Переступив порог «Конвеншн-сентер», я задержал взгляд на своем отражении в зеркале вестибюля. Костюм на мне сидел как влитой. Джин подобрал его мне в городе «пенсионеров», Сент-Питерсберге, во Флориде, в магазине подержанных вещей. Костюм обошелся ему в двадцать баксов, но, как он язвительно заметил, «стильная вещь дешевой не бывает». Любимый парикмахер Джина привел в порядок мою голову. Платил я. Стрижка и укладка обошлись мне в четвертак. Кроме того, я купил солнечные очки и теперь мог смотреть кому угодно в глаза не отводя взгляда. Глядя в зеркало, я видел ухватливого фраера, а девушка за стойкой администрации – помощника толстосума. Она улыбнулась мне, я улыбнулся ей в ответ и следом за Джином прошел в зал.
Огромное помещение напоминало восточный базар. Витрины из шлифованного стекла, справа, слева от пола до потолка, полотнища хлопчатобумажного бархата в качестве перегородок.
По проходам между рядами витрин прохаживались супружеские пары пенсионного возраста с таким видом, словно забрели сюда совершенно случайно.
А торговцы монетами, в свою очередь, делали вид, будто им этот бизнес по барабану.

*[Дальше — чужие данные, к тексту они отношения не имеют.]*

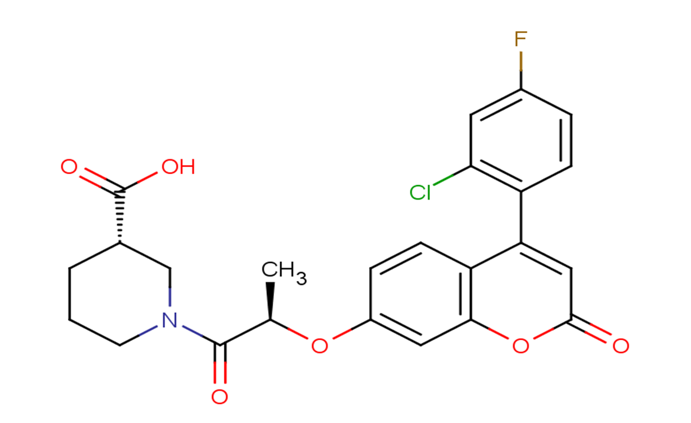 同义词3-Piperidinecarboxylic acid, 1-[(2R)-2-[[4-(2-chloro-4-fluorophenyl)-2-oxo-2H-1-benzopyran-7-yl]oxy]-1-oxopropyl]-, (3S)- | LDC203974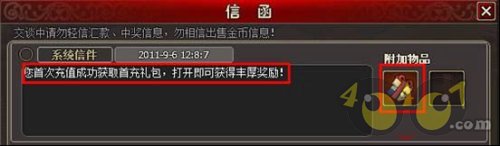 1、首次充值后,系统会以游戏信件方式将首充礼包发给玩家

Джин взглянул на свои часы «Ролекс», затем поискал глазами часы в зале.
– Иди в тот конец, – тихо сказал он. – Иди быстрым шагом, будто опаздываешь на важную встречу. Главное, чтобы все обратили внимание на то, что ты спешишь. Если столкнешься с кем-то по пути, скажи: «Прошу прощения», громко и отчетливо, чтобы все услышали твое произношение. Постарайся, чтобы сказанное тобой прозвучало так, будто ты – птица высокого полета. Через полчаса встречаемся в туалете. Ни с кем в разговоры не вступай. Понял?
Я кивнул, и он ушел.
– Для чего все это было нужно? – спросил я его спустя полчаса, когда мы встретились в мужском туалете.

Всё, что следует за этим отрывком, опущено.